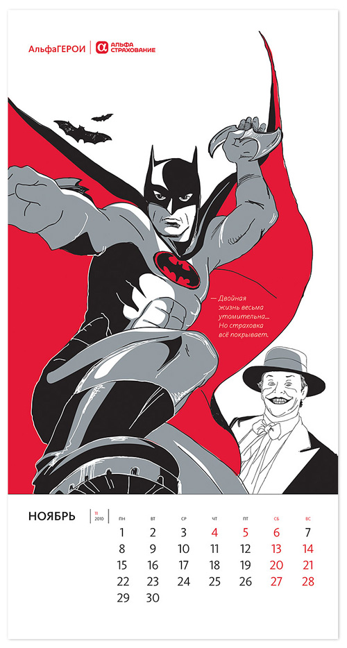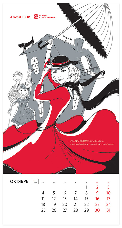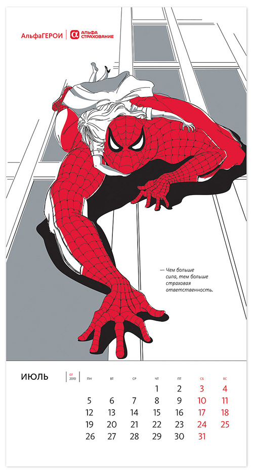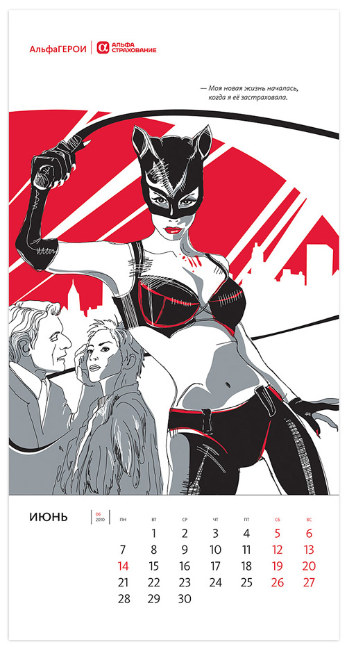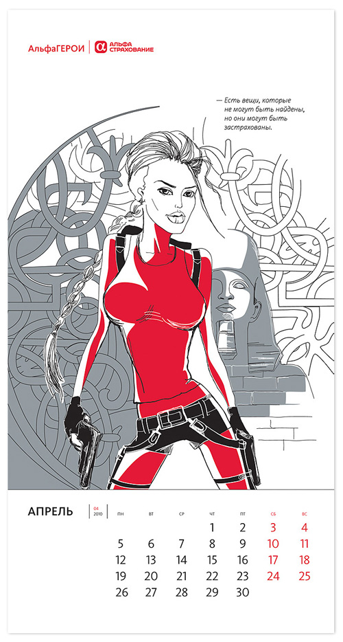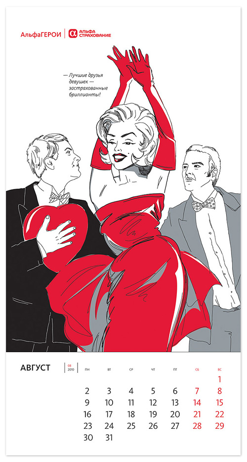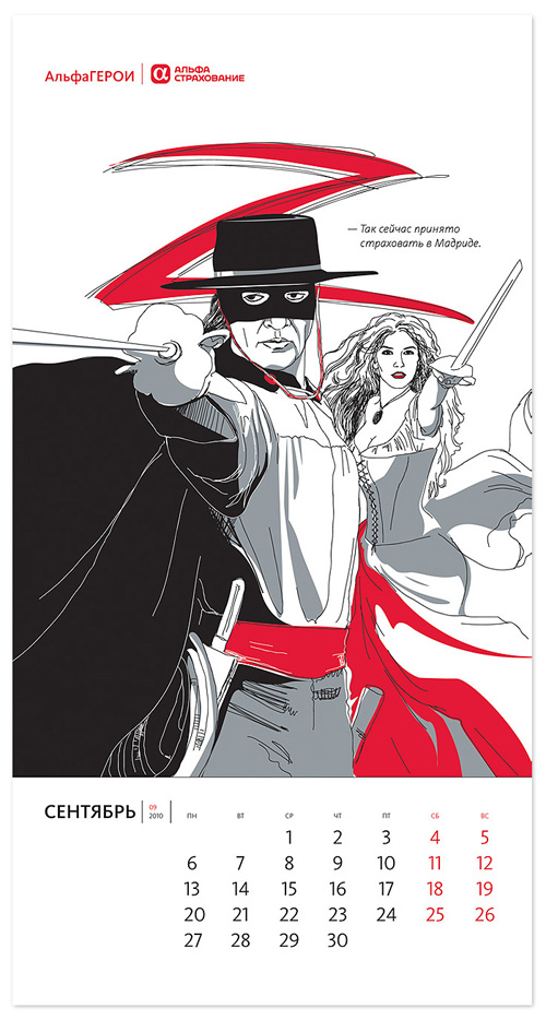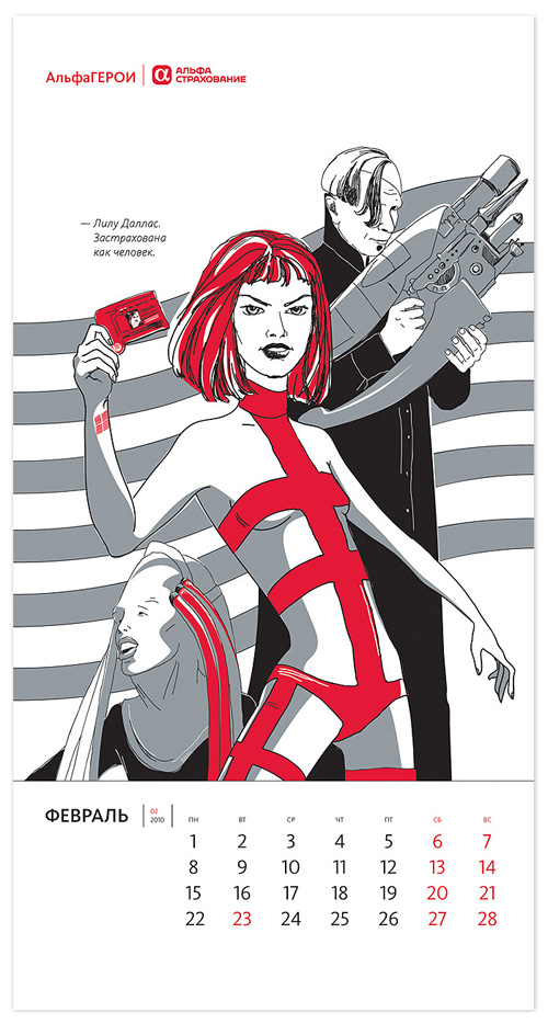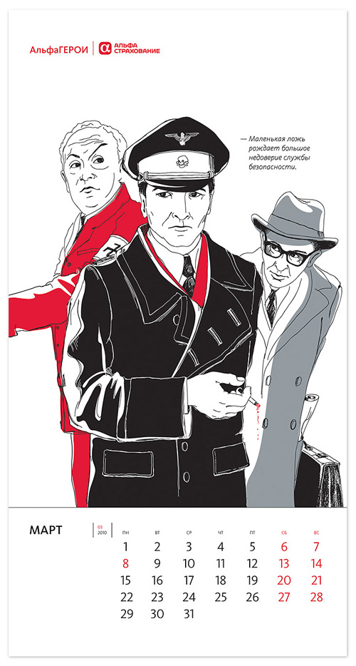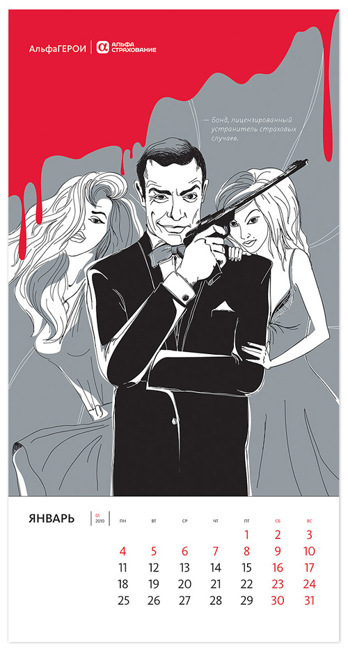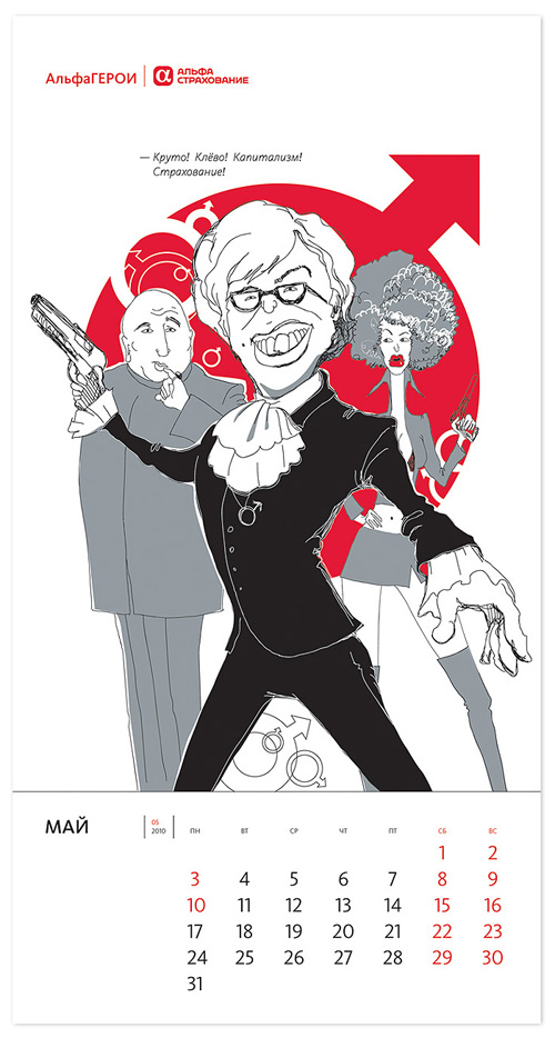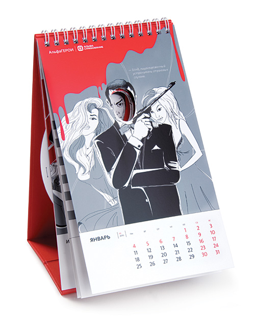 Героический календарь от компании "АльфаСтрахование" и Студии DEZA"В наступающем году компания "АльфаСтрахование" и Студия DEZA решили порадовать коллег и партнеров компании юмористическим календарем с элементами интерактива.На 12 листах календаря собрана команда настоящих героев, АльфаГЕРОЕВ. Каждый из представленных персонажей является воплощением силы, красоты, бесстрашия, увлекательной жизни, полной адреналина, каждый - объект восхищения и повод для зависти. Стать АльфаГЕРОЕМ предельно просто - несколько ваших фотографий и фотографий ваших коллег плюс острые ножницы мгновенно вдохнут реальную жизнь в эти заманчивые образы. Добро пожаловать в команду АльфаГЕРОЕВ! В конструкции календаря предусмотрена вырубка каждого листа. Лица персонажей и места для вклеивания фотографий нанесены на отдельный вращающийся круг. Вращая "колесо", можно с легкостью "приставить" голову одного персонажа к другому или, что еще более увлекательно, свою фотографию или фото ближнего своего, благо в любой компании со всевозможных корпоративов накоплен изрядный фотоархив. Подобный нехитрый прием позволит каждому создать календарь буквально со своим собственным неповторим лицом и лицами любимых коллег, который скрасит шуткой и улыбкой ни один рабочий день. Календарь выполнен в настенном и настольном вариантах. Творческая группа: Креативный директор: Александр Суворов Дизайнеры: Ирина Шмидт, Нина Клеопина
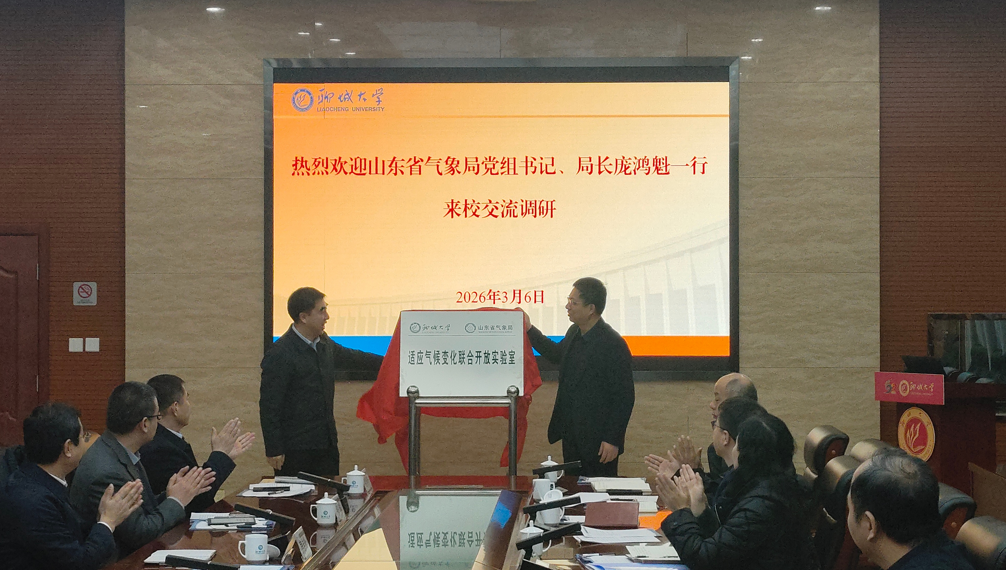 3月6日,山东省气象局党组书记、局长庞鸿魁一行来校调研,党委书记关延平热情接见。党委副书记、校长白成林与庞鸿魁共同为双方共建的“适应气候变化联合开放实验室”揭牌。党委常委、副校长李华锋主持活动。
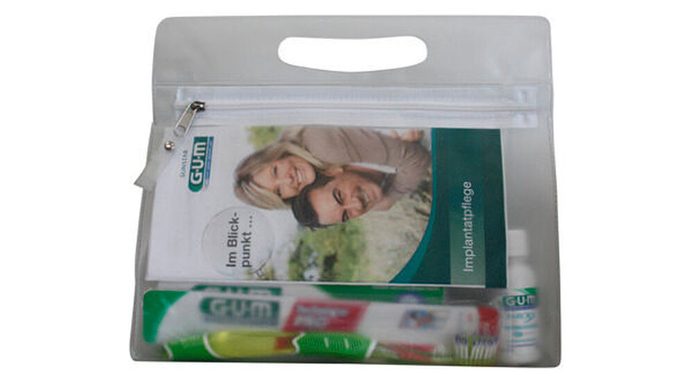 Zur Zahnzwischenraumreinigung enthält das Kit neben Interdentalbürsten auch metallfreie Interdentalraumreiniger sowie eine flauschige Zahnseide mit Einfädelhilfe. Die ebenfalls enthaltene Broschüre „Implantatpflege“ informiert den Patienten umfassend darüber, welche Vorteile Implantate haben und wie er das Implantat am besten pflegt. In der Broschüre wird auch darauf hingewiesen, dass nur die Kombination von häuslicher und professioneller Implantat- und Zahnreinigung ein langes Implantat-Leben sichert.
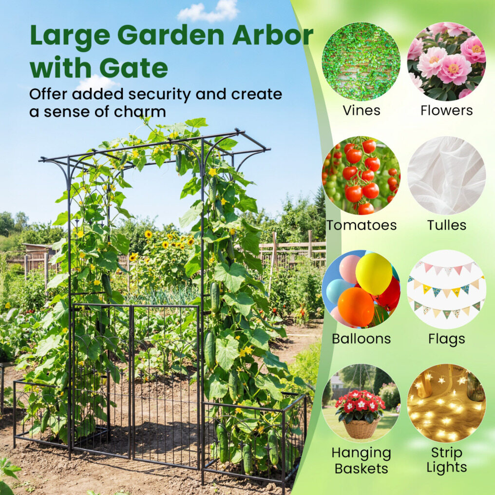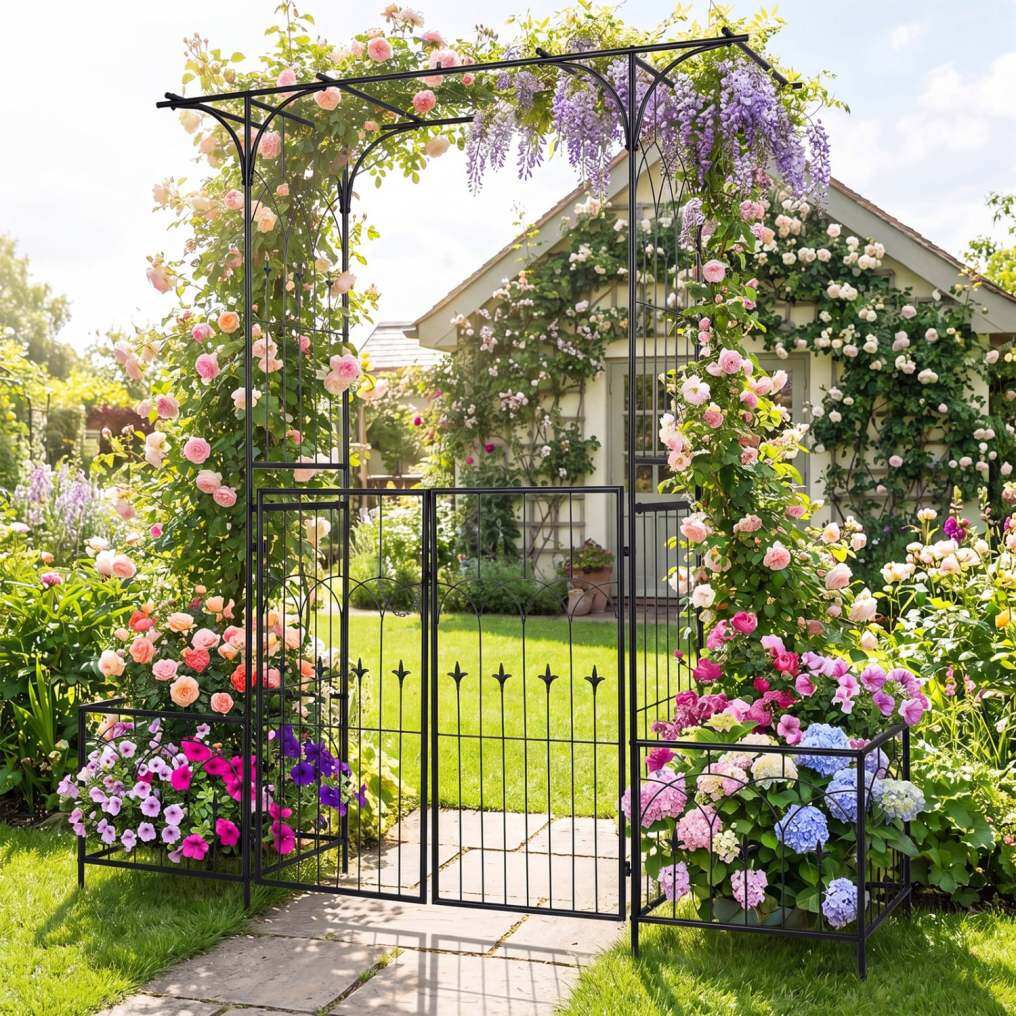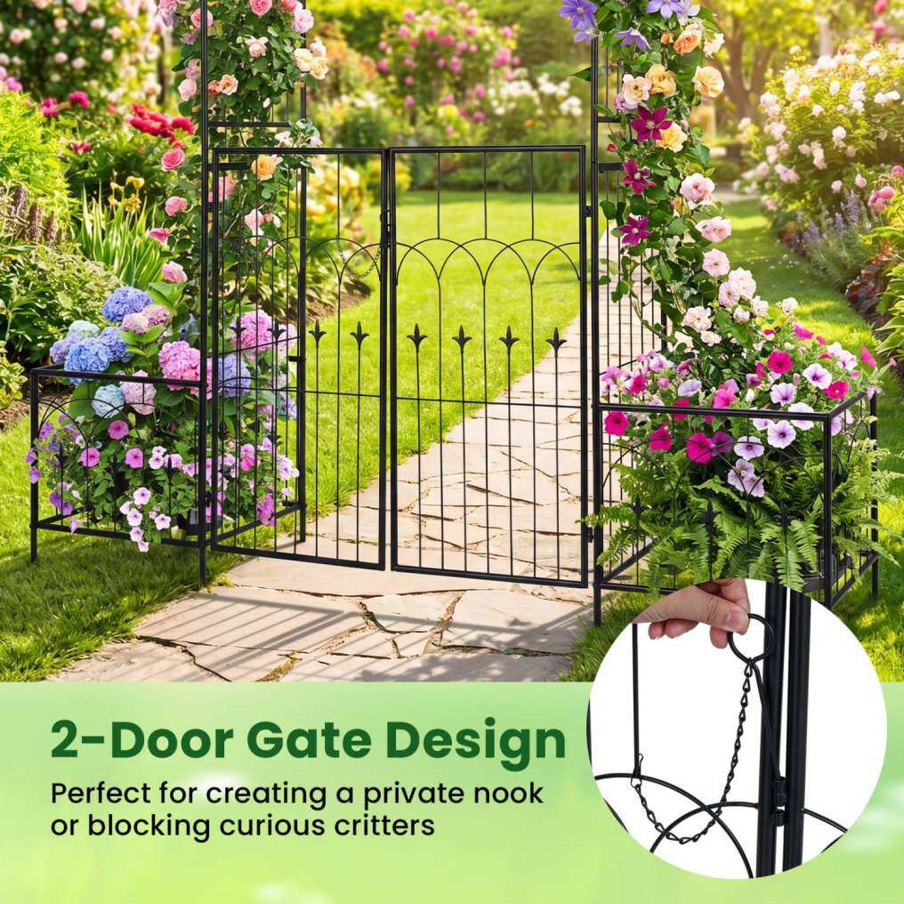 ● 2-Door Gate with Secure Latch: This large garden arch with gate features a stylish double-door design with a convenient latch, helping define your garden space while offering added security and creating a sense of privacy and charm.

WHAT YOU NEED TO DO - The material above is to be transcribed exactly, with its images omitted.

ANSWER SECTION -
 Героический календарь от компании "АльфаСтрахование" и Студии DEZA"В наступающем году компания "АльфаСтрахование" и Студия DEZA решили порадовать коллег и партнеров компании юмористическим календарем с элементами интерактива.На 12 листах календаря собрана команда настоящих героев, АльфаГЕРОЕВ. Каждый из представленных персонажей является воплощением силы, красоты, бесстрашия, увлекательной жизни, полной адреналина, каждый - объект восхищения и повод для зависти. Стать АльфаГЕРОЕМ предельно просто - несколько ваших фотографий и фотографий ваших коллег плюс острые ножницы мгновенно вдохнут реальную жизнь в эти заманчивые образы. Добро пожаловать в команду АльфаГЕРОЕВ! В конструкции календаря предусмотрена вырубка каждого листа. Лица персонажей и места для вклеивания фотографий нанесены на отдельный вращающийся круг. Вращая "колесо", можно с легкостью "приставить" голову одного персонажа к другому или, что еще более увлекательно, свою фотографию или фото ближнего своего, благо в любой компании со всевозможных корпоративов накоплен изрядный фотоархив. Подобный нехитрый прием позволит каждому создать календарь буквально со своим собственным неповторим лицом и лицами любимых коллег, который скрасит шуткой и улыбкой ни один рабочий день. Календарь выполнен в настенном и настольном вариантах. Творческая группа: Креативный директор: Александр Суворов Дизайнеры: Ирина Шмидт, Нина Клеопина
 3月6日,山东省气象局党组书记、局长庞鸿魁一行来校调研,党委书记关延平热情接见。党委副书记、校长白成林与庞鸿魁共同为双方共建的“适应气候变化联合开放实验室”揭牌。党委常委、副校长李华锋主持活动。
 Zur Zahnzwischenraumreinigung enthält das Kit neben Interdentalbürsten auch metallfreie Interdentalraumreiniger sowie eine flauschige Zahnseide mit Einfädelhilfe. Die ebenfalls enthaltene Broschüre „Implantatpflege“ informiert den Patienten umfassend darüber, welche Vorteile Implantate haben und wie er das Implantat am besten pflegt. In der Broschüre wird auch darauf hingewiesen, dass nur die Kombination von häuslicher und professioneller Implantat- und Zahnreinigung ein langes Implantat-Leben sichert.
 ● 2-Door Gate with Secure Latch: This large garden arch with gate features a stylish double-door design with a convenient latch, helping define your garden space while offering added security and creating a sense of privacy and charm.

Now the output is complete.